■ PROBLEM TO SOLVE: Starting at the line that contains "Chiều 3/4, tại" and stopping after the line that contains "Lionel Messi /", transcribe the listing below exactly; do not include any pictures.

*** DATA TO USE Section Begins ***

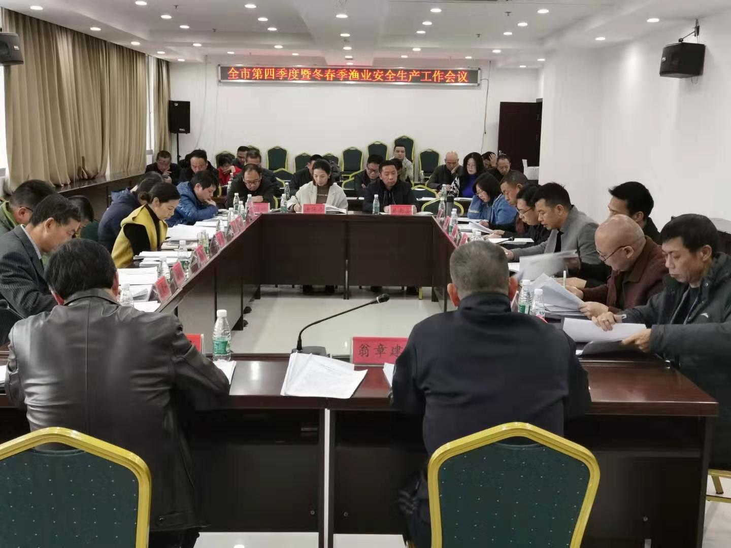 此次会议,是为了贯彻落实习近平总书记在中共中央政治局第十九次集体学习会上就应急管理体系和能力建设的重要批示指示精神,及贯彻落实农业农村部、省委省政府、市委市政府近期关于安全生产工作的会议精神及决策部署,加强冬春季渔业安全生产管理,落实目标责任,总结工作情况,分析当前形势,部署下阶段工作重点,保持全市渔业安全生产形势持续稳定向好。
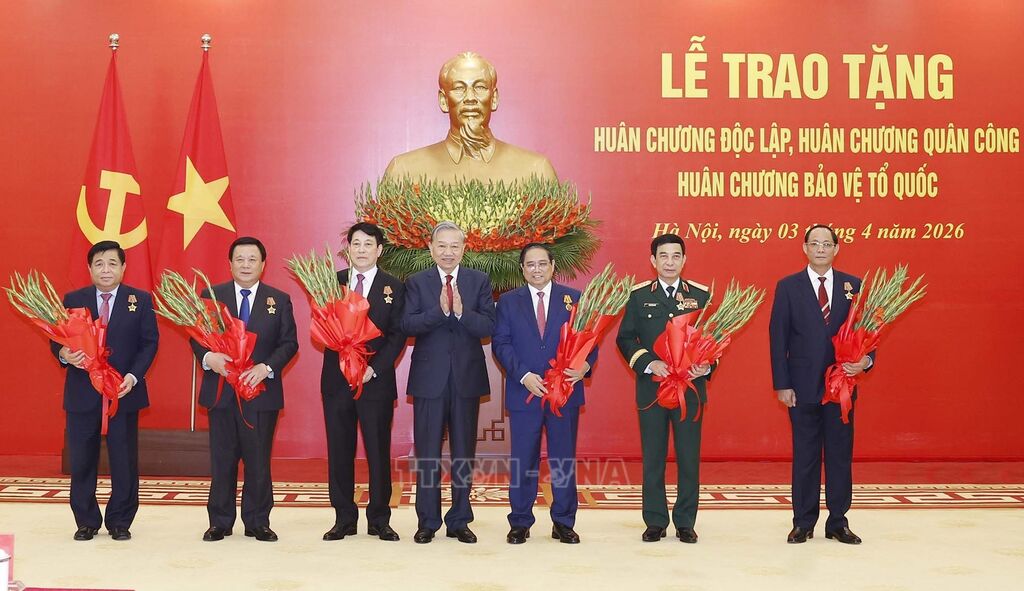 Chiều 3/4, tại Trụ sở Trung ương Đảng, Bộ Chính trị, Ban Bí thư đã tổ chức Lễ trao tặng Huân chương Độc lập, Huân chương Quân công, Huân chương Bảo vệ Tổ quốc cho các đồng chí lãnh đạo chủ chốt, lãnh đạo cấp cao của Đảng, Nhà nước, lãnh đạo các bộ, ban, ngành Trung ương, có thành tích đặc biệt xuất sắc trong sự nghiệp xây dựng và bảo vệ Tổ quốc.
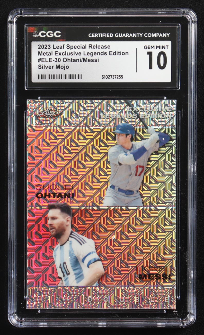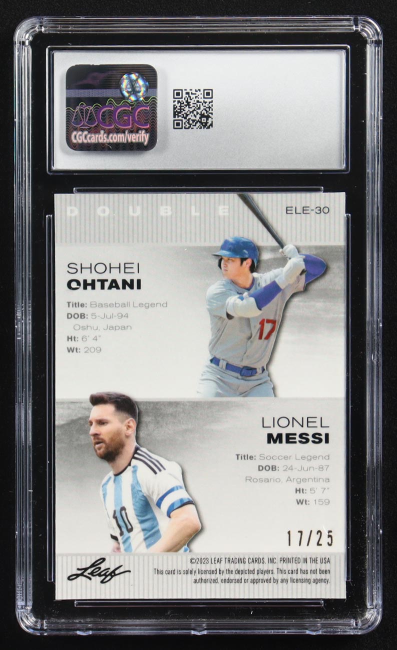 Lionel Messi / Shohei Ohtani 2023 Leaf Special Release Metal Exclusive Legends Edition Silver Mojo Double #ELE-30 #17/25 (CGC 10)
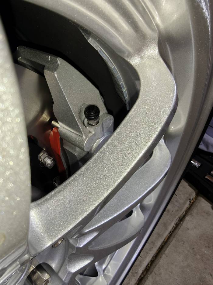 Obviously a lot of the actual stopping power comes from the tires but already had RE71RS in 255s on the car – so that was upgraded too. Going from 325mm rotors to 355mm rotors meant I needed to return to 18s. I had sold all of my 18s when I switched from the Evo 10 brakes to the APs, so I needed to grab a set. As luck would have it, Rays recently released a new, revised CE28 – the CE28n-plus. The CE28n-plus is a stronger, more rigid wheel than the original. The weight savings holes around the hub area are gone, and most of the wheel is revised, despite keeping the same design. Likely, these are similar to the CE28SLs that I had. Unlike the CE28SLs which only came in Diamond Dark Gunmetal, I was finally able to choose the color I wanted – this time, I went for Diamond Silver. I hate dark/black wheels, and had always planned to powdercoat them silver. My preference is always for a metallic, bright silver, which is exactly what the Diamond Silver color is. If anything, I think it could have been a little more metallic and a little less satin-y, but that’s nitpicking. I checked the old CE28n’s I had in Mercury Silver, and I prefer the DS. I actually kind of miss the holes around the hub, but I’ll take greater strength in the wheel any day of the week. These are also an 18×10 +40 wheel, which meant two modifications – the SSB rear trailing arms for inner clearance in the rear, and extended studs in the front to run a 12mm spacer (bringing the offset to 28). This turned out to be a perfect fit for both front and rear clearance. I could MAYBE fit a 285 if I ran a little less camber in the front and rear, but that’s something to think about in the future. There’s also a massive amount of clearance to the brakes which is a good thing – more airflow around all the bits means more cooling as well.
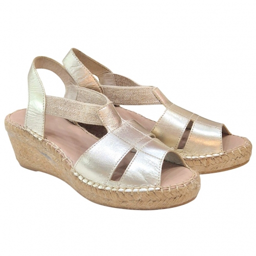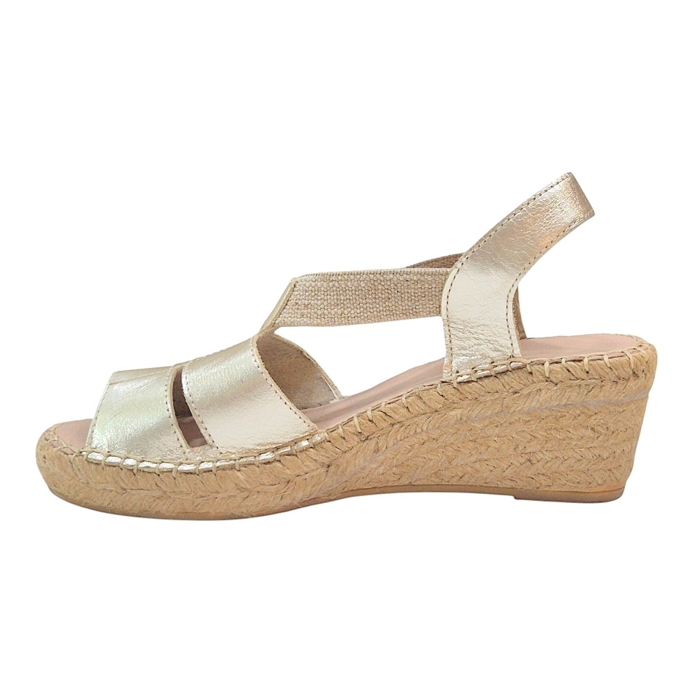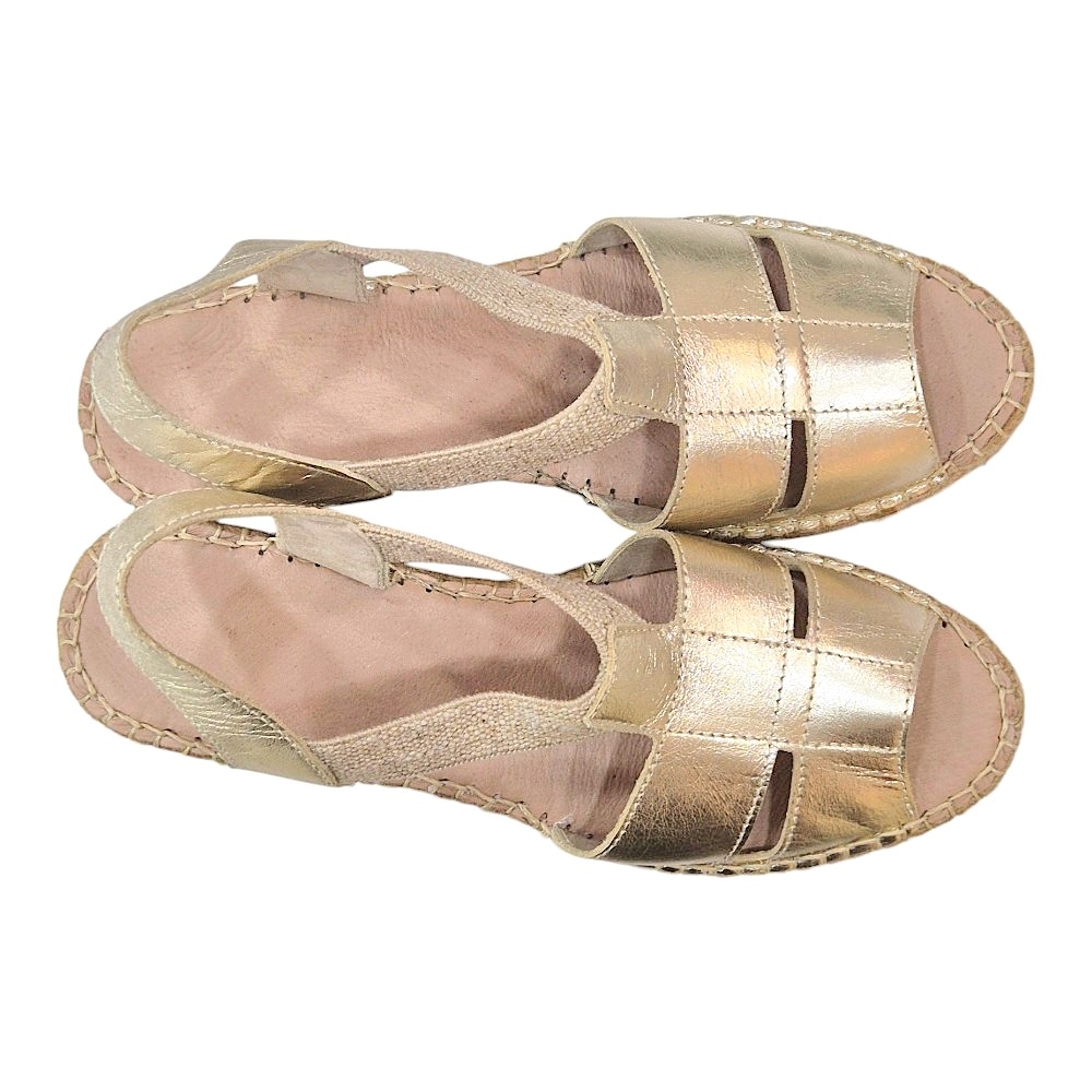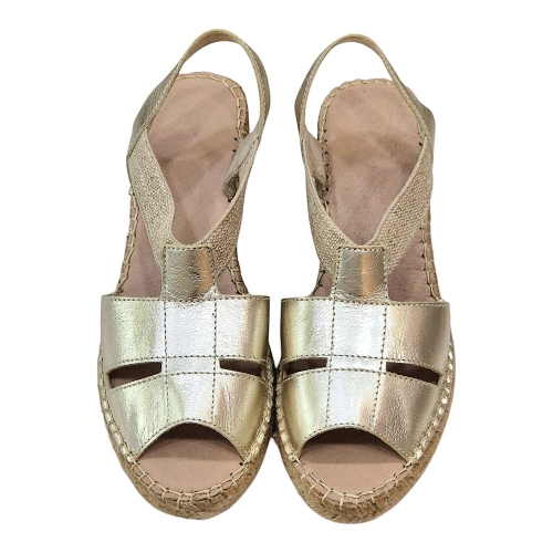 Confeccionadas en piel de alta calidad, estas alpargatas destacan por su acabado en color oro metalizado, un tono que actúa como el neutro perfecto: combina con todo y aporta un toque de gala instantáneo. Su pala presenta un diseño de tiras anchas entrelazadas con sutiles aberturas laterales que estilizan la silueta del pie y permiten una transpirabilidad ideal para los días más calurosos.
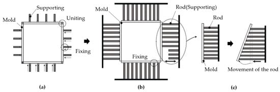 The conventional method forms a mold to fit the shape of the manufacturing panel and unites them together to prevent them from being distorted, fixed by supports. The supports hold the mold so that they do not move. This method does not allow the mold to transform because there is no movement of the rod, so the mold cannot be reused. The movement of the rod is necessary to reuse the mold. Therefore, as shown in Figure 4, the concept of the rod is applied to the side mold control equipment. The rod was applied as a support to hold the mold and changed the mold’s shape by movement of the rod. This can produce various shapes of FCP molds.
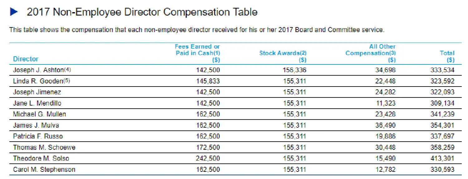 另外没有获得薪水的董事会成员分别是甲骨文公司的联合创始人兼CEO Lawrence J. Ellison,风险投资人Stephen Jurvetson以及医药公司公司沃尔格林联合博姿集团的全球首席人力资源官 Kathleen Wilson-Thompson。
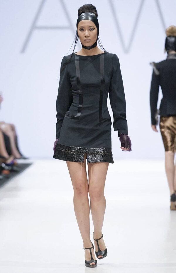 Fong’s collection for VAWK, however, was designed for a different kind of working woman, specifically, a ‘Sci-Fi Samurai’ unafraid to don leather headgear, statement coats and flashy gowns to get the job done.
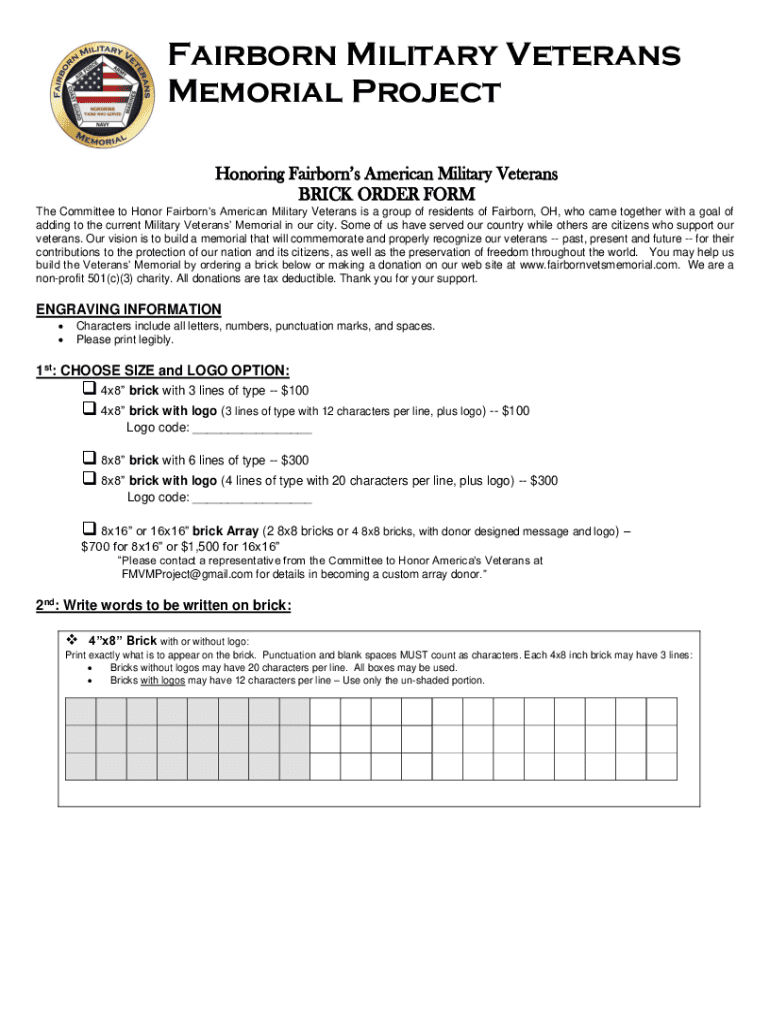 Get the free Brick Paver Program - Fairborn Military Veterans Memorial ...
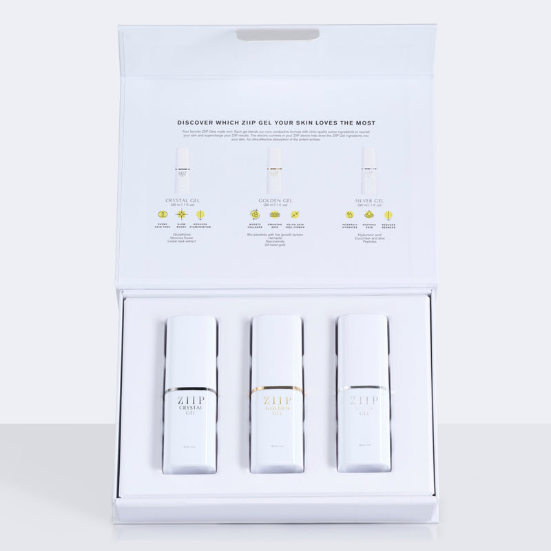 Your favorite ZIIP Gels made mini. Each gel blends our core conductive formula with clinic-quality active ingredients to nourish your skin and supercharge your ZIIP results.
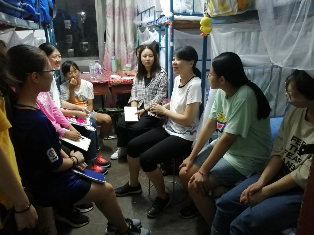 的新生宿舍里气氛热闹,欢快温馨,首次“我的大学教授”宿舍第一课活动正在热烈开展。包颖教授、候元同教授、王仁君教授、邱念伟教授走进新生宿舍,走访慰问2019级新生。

*** DATA TO USE Section Ends ***

■ EXPECTED ANSWER:
 Chiều 3/4, tại Trụ sở Trung ương Đảng, Bộ Chính trị, Ban Bí thư đã tổ chức Lễ trao tặng Huân chương Độc lập, Huân chương Quân công, Huân chương Bảo vệ Tổ quốc cho các đồng chí lãnh đạo chủ chốt, lãnh đạo cấp cao của Đảng, Nhà nước, lãnh đạo các bộ, ban, ngành Trung ương, có thành tích đặc biệt xuất sắc trong sự nghiệp xây dựng và bảo vệ Tổ quốc.
 Lionel Messi / Shohei Ohtani 2023 Leaf Special Release Metal Exclusive Legends Edition Silver Mojo Double #ELE-30 #17/25 (CGC 10)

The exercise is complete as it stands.